The pictures themselves are really beautiful but I feel together with the museum brochure which say they are wild dogs (made by the museum staff, not the artist) they give a wrong impression because the dogs stand alone without people or other domestic animals, against the bare landscape. To the European eye they really do look like wild animals. In a book about the exhibition it was said that these dogs descent from wolves that have wandered from Egypt and Arabia, which is even greater misunderstanding because, as latest scientific evindence shows, dogs evolved in Asia and migrated to other parts of the world from there along with humans, already as domestic or at least semidomestic animals.

I personally prefer Johan Gallant's pictures of Africanis because they involve the dogs natural background, the people, village environment, other domestic animals, and the dogs look confident and more "at home" in his pictures. In Naudes pictures the dogs seem a little bit lost and scared, and tense because of the encounter with the photographer.

Rajashree Khalap said...

All true...in fact now that you point it out, the pics almost seem to celebrate the assumed "wildness" of the dogs.

However the average rural pet dog is in fact nervous of the camera, not because s/he is "wild" but because they are simply not used to being photographed or indeed stared at so much, unlike our urban pets! Even Lalee was not too comfortable with being photographed when I first adopted her, because the lens must look to her like a huge eye, which is of course a threat. In fact she almost attacked a photographer from Mid-Day newspaper when he came to photograph her and Bandra some years ago, but that was also because of the flash :-)

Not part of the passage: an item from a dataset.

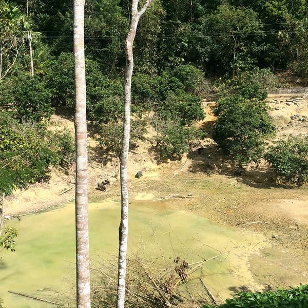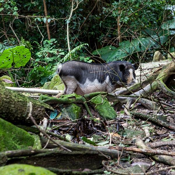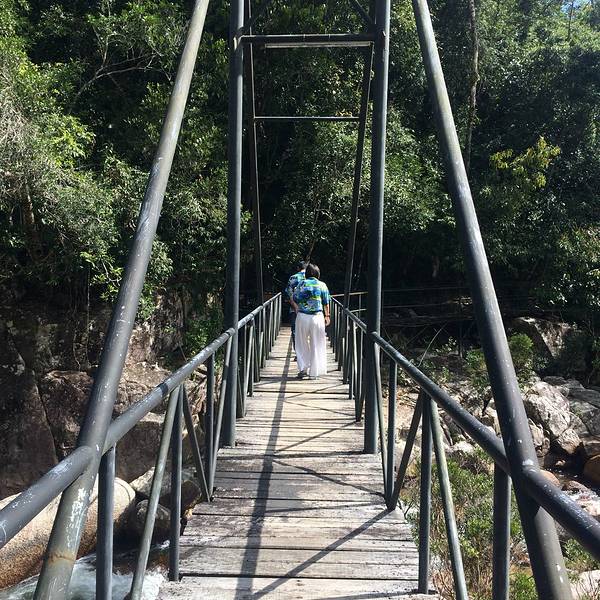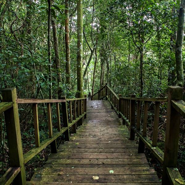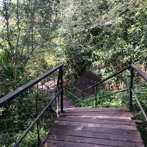 转来转去,在度假村里看过了外表风蚀严重的度假别墅,放养的小猪。最后,终于沿着一个不起眼的小路,进了神秘的雨林谷。先闻其声的河水,激流汹涌,沿河栈道隐匿在茂密的雨林中。这样的情景,令人脑海中不断浮现出雨林探险的念头来。

I've had a very tough time trying to click an INDog in profile, in a "dog book" pose. I wanted such a picture for our breed description in the site but finally had to make do with the closest suitable one. The dogs almost always want to keep their eye on the camera and keep turning around to face you when you try to sneak up from the side. I really need a second person to distract the dog so I can get the pose I want, but I am always alone on these dog-watching expeditions.